Problem: Solve $3^x \equiv 43 \pmod {97}$ using the Pohlig-Hellman algorithm.
Here is my solution, but the problem is that I don't get it right at the end.
First of all, I calculate $\phi(97) = 96 = 2^5 \cdot 3$.
Now, let $x=a_0 + 2^5a_1=a_0+32a_1$. Then $$ {3^{(a_0+32a_1)}}^3 \equiv 43^3 \pmod{97}$$ $$27^{a_0} \equiv 64 \pmod {97}.$$
Trial and error yields $a_0 = 6$. So now we have $x = 6 + 32a_1$, meaning $x \equiv 6 \pmod {32}$.
Now, let $x=b_0 + 3b_1$. Then $$ {3^{(b_0 + 3b_1)}}^{32} \equiv 43^{32} \pmod{97}$$ $$35^{b_0} \equiv 35\pmod {97}.$$
Obviously, $b_0=1$. So now we get $x = 1 + 3b_1$, meaning $x \equiv 1 \pmod {3}$.
Using CRT, we can now solve: $$x \equiv 6 \pmod {32}$$ $$x \equiv 1 \pmod {3}.$$
Solving the first equivalence:
$$3x_1 \equiv 6 \pmod {32}.$$
The multiplicative inverse of $3$ modulo $32$ is $11$.
$$11 \cdot 3x_1 \equiv 11 \cdot 6 \pmod {32}$$ $$x_1 \equiv 11 \cdot 6 \equiv 2 \pmod {32}.$$
Now for the second one:
$$32x_2 \equiv 1 \pmod {3}$$ $$2x_2 \equiv 1 \pmod {3}$$ $$x_2 \equiv 2 \pmod 3.$$
And at last:
$$x_0 = 3 \cdot 2 + 32 \cdot 2 = 70 \equiv 70 \pmod {96}.$$
Now $3^{70} \pmod {97}$ is not $43$, and I cannot find where is my error.

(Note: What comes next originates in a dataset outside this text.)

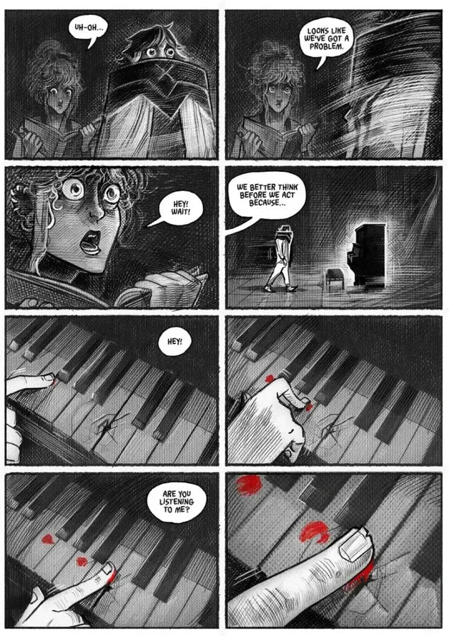 Jaw-dropping artwork illuminates a mind-bending work of psychological horror about creative souls struggling against oppression and depression.

But, if I got $a_0=22$, then I would get $x_1 \equiv 18 \pmod {32}$ and $x_0 \equiv 22 \pmod {96}$, and that would be correct answer.

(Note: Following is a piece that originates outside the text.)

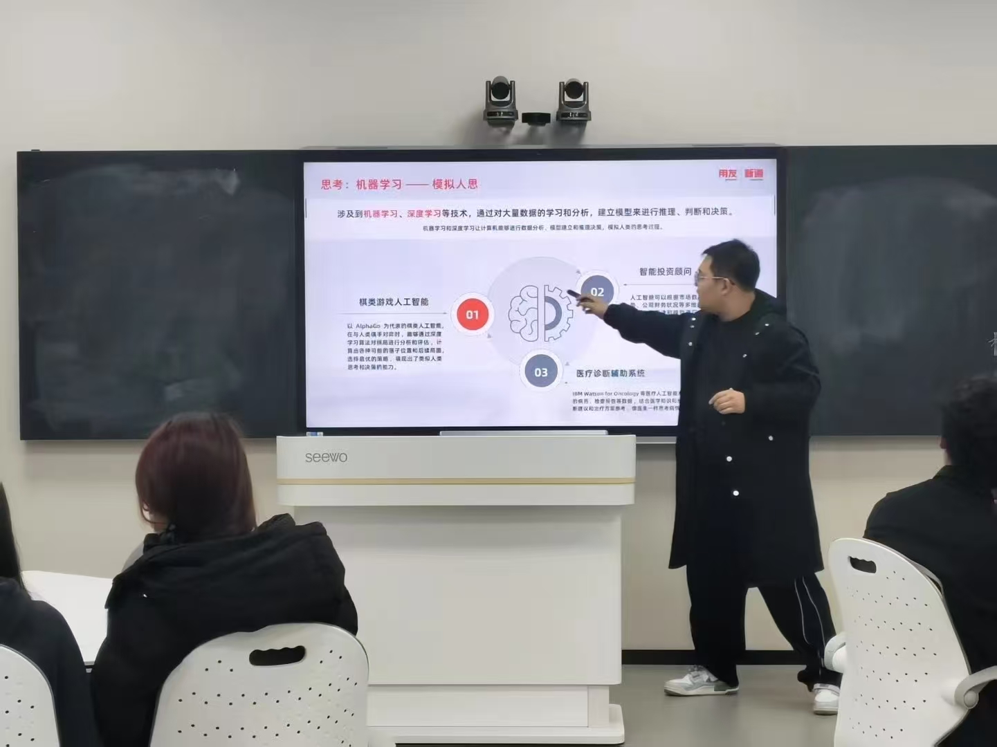 为深化产教融合,引领智能财务人才培养范式革新,9428cn太阳集团古天乐智能财务产业学院于4月1日晚在一教121智慧实训室,举办“学生如何合理运用DeepSeek高效学习”专题讲座。本次讲座特邀新道科技有限公司教学服务经理、智能财务领域专家肖政博担任主讲,2024级智能财务产业学院全体同学到场聆听,现场座无虚席。

$3^{70} \mod 97$ IS 43, and your solution is fine. The only problem is that it's not unique - because the order of $3 \mod 97$ is 48 instead of 96.

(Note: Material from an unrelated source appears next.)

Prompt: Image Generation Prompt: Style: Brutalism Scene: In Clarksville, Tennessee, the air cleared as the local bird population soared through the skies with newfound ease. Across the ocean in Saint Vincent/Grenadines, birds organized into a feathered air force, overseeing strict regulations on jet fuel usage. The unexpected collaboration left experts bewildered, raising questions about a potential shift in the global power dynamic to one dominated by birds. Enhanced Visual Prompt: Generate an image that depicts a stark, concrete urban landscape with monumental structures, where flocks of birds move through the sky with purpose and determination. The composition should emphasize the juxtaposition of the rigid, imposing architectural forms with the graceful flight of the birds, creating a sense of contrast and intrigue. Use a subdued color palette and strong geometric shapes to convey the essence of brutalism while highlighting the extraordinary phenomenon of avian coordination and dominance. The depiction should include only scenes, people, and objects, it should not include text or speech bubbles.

So morally speaking, you should look at $x \mod 48$ instead. Using Chinese remainder theorem, you would split that up into $x \mod 16$ and $x \mod 3$. Your calculations were correct - the answer would be $x \equiv 6 \mod 16$ and $x \equiv 1 \mod 3$, and from there you see that the solution is $x \equiv 22 \mod 48$. In particular, 70 IS also a correct solution - it just doesn't exhaust everything.